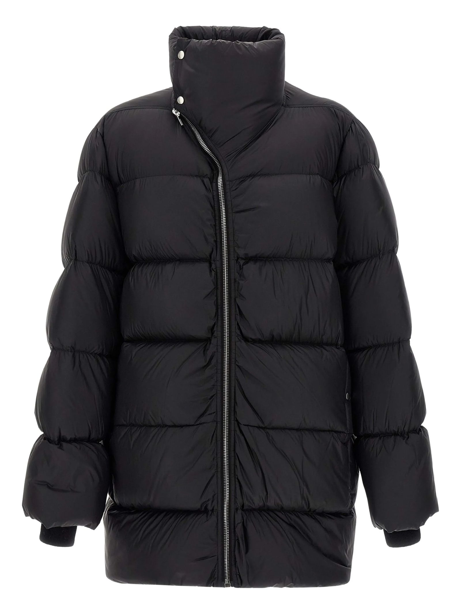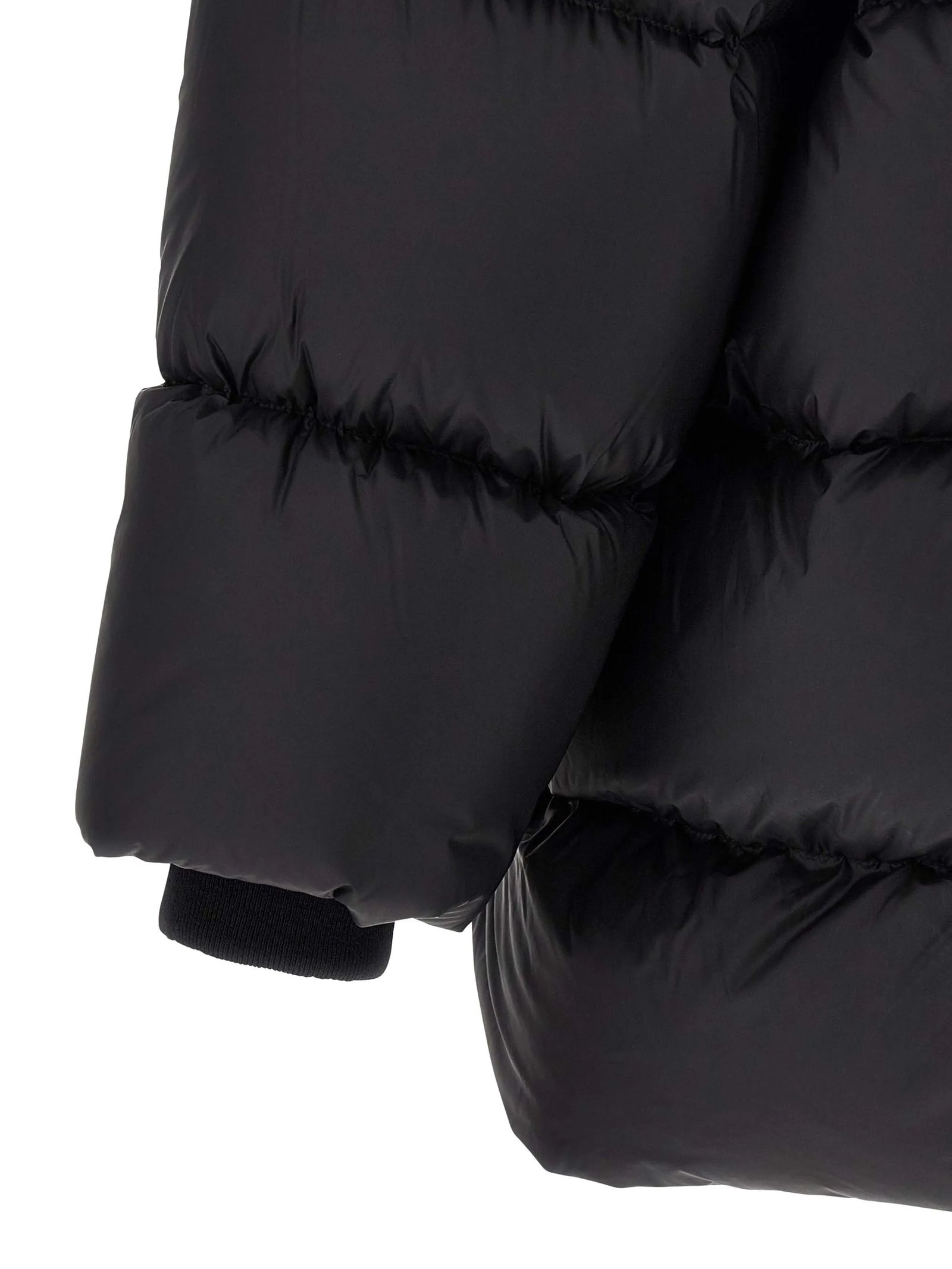 Cappotto Turtle trapuntato nero, imbottitura in piuma d'oca, chiusura con zip, colletto rialzato, dettaglio con cinghia posteriore, polsini a coste
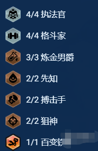 4执法官、4格斗家、3炼金男爵、2先知、2搏击手、2狙神、1百变铁手
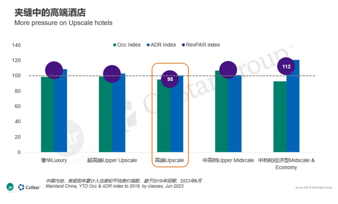 时间线再拉长,2023年上半年,高端酒店的RevPAR只有2019年同期的95%,是唯一一个未能恢复至2019年同期表现的酒店级别。
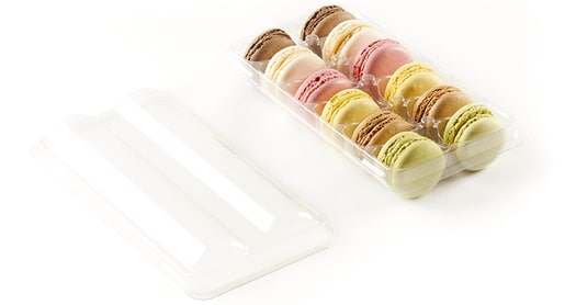 Assortment of “Macarons de Paris” in 6 different tastes: chocolate, raspberry, pistachio, lemon, vanilla and mocha flavoured macarons; packaged in a black blister by 2 of each flavour.
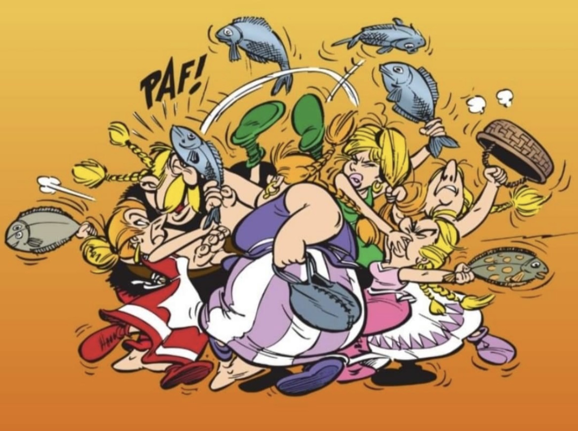 Dass Falbala jemals in eine richtige Prügelei verwickelt gewesen wäre, ist mir nicht bekannt. Allerdings gibt es zwei Szenen, wo sie ganz kurz etwas handgreiflich wird:

----

> [Your instructions]: Give the entries again, exactly and in full, with no image included.

> [Expected output]:
 Cappotto Turtle trapuntato nero, imbottitura in piuma d'oca, chiusura con zip, colletto rialzato, dettaglio con cinghia posteriore, polsini a coste
 4执法官、4格斗家、3炼金男爵、2先知、2搏击手、2狙神、1百变铁手
 时间线再拉长,2023年上半年,高端酒店的RevPAR只有2019年同期的95%,是唯一一个未能恢复至2019年同期表现的酒店级别。
 Assortment of “Macarons de Paris” in 6 different tastes: chocolate, raspberry, pistachio, lemon, vanilla and mocha flavoured macarons; packaged in a black blister by 2 of each flavour.
 Dass Falbala jemals in eine richtige Prügelei verwickelt gewesen wäre, ist mir nicht bekannt. Allerdings gibt es zwei Szenen, wo sie ganz kurz etwas handgreiflich wird:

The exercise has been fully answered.